Cuba: The Art Revolution: Challenging Fidel's socialist system
Length: 13:50 |
This film has been edited slightly at the request of Los Carpinteros because of political safety issues in Cuba.
Cuba has a long and rich heritage in the arts, but during the last two decades, the visual arts have become a cultural phenomenon. In this week's Rough Cut, filmmaker Natasha Del Toro travels to Cuba to meet two of its most acclaimed artists as well as others who make a good living selling their art to tourists in Havana.
In a nation that prides itself on its government-sponsored public art education and thriving cultural centers, Del Toro discovered that art is at the center of Cuban society. "In the absence of a free press, the arts have become a space through which people can observe and debate the social issues of the day," says Del Toro.

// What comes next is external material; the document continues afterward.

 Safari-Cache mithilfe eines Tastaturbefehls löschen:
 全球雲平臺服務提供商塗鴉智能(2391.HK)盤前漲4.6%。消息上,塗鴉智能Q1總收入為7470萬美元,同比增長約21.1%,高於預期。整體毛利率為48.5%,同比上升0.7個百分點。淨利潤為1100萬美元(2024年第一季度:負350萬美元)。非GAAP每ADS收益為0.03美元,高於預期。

Although Fidel Castro originally intended to use art to spread socialist ideals, the government loosened its censorship on art in the early 1990s, when Cuba's top artists began to leave the country. Cuba's art market really took off after Castro legalized the dollar and opened the island up to tourism in the mid-1990s.
New artists, such as Los Carpinteros (The Carpenters) -- the charismatic duo at the heart of Del Toro's film -- filled the void left by departing artists and began to create innovative sculptures, paintings and installations that cleverly critiqued the socialist system. Marco Castillo and Dagoberto Rodriguez, who make up Los Carpinteros, still live and work in Havana, but they have achieved tremendous success abroad.

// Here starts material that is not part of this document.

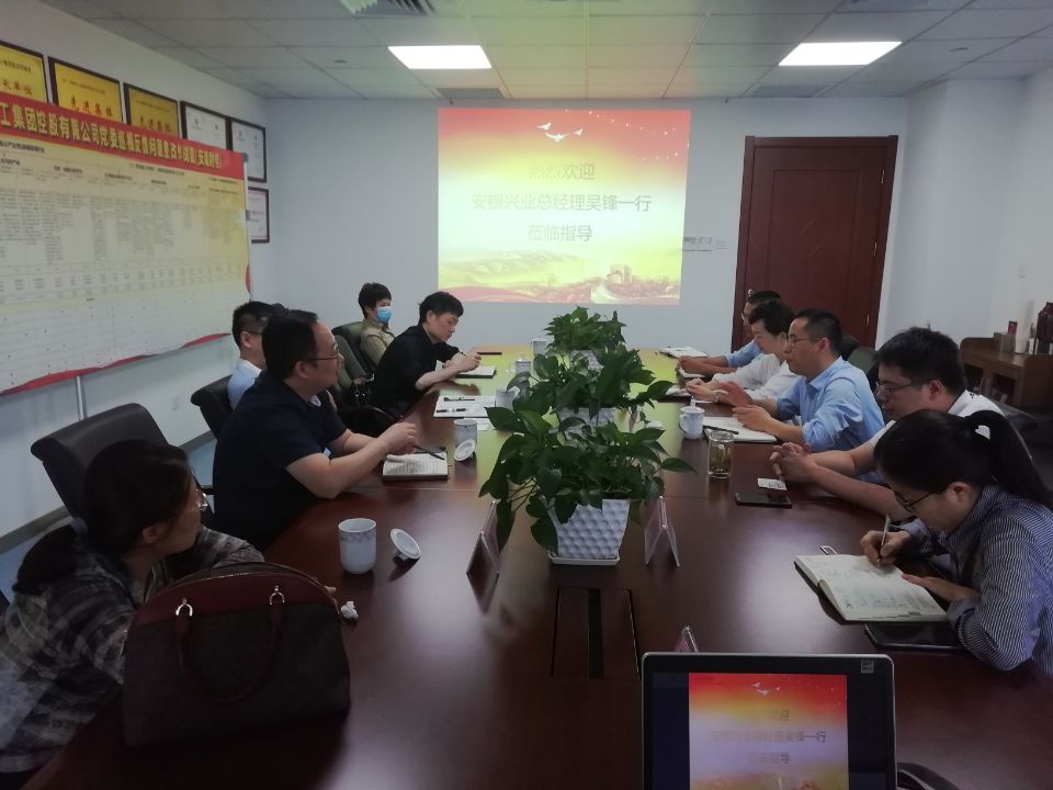 6月23日,安徽安粮兴业有限公司总经理吴锋携安徽安粮小额贷款有限公司总经理助理明文纲等一行到访,安建小贷总经理赵渊明及相关人员参加交流会谈。

You can find their work in the permanent collection of New York's Museum of Modern Art, and their pieces can fetch $50,000 or more at auction -- an astonishing sum for anyone living in Castro's Cuba. As Del Toro's film reveals, it has given the two men a status and lifestyle few other Cubans could imagine. Successful artists can earn far more than the average Cuban doctor or lawyer, creating an almost feverish will to succeed among Cuba's next generation of artists.
For their part, Los Carpinteros never dreamed their work would sell for such high amounts. "The first time someone asked us how much our artwork cost, we didn't know what to respond," Rodriguez says. "We didn't have a price because we didn't even know someone could buy something like that."
The fact that Cuba has been notably off limits to Americans for so long has only fueled the success of Cuba's art market. "Cuban art has been in such high demand because it's so hard to get," says Del Toro. "People from abroad want to buy this art because it's politically charged and exotic."
Los Carpinteros' latest exhibition toured several American cities earlier this year, but for the first time, Castillo and Rodriguez weren't given visas to travel with their show until the tour was well under way. Ironically, it wasn't the Cuban government who delayed their travel, but the U.S. government's tightening restrictions on Cubans visiting its shores.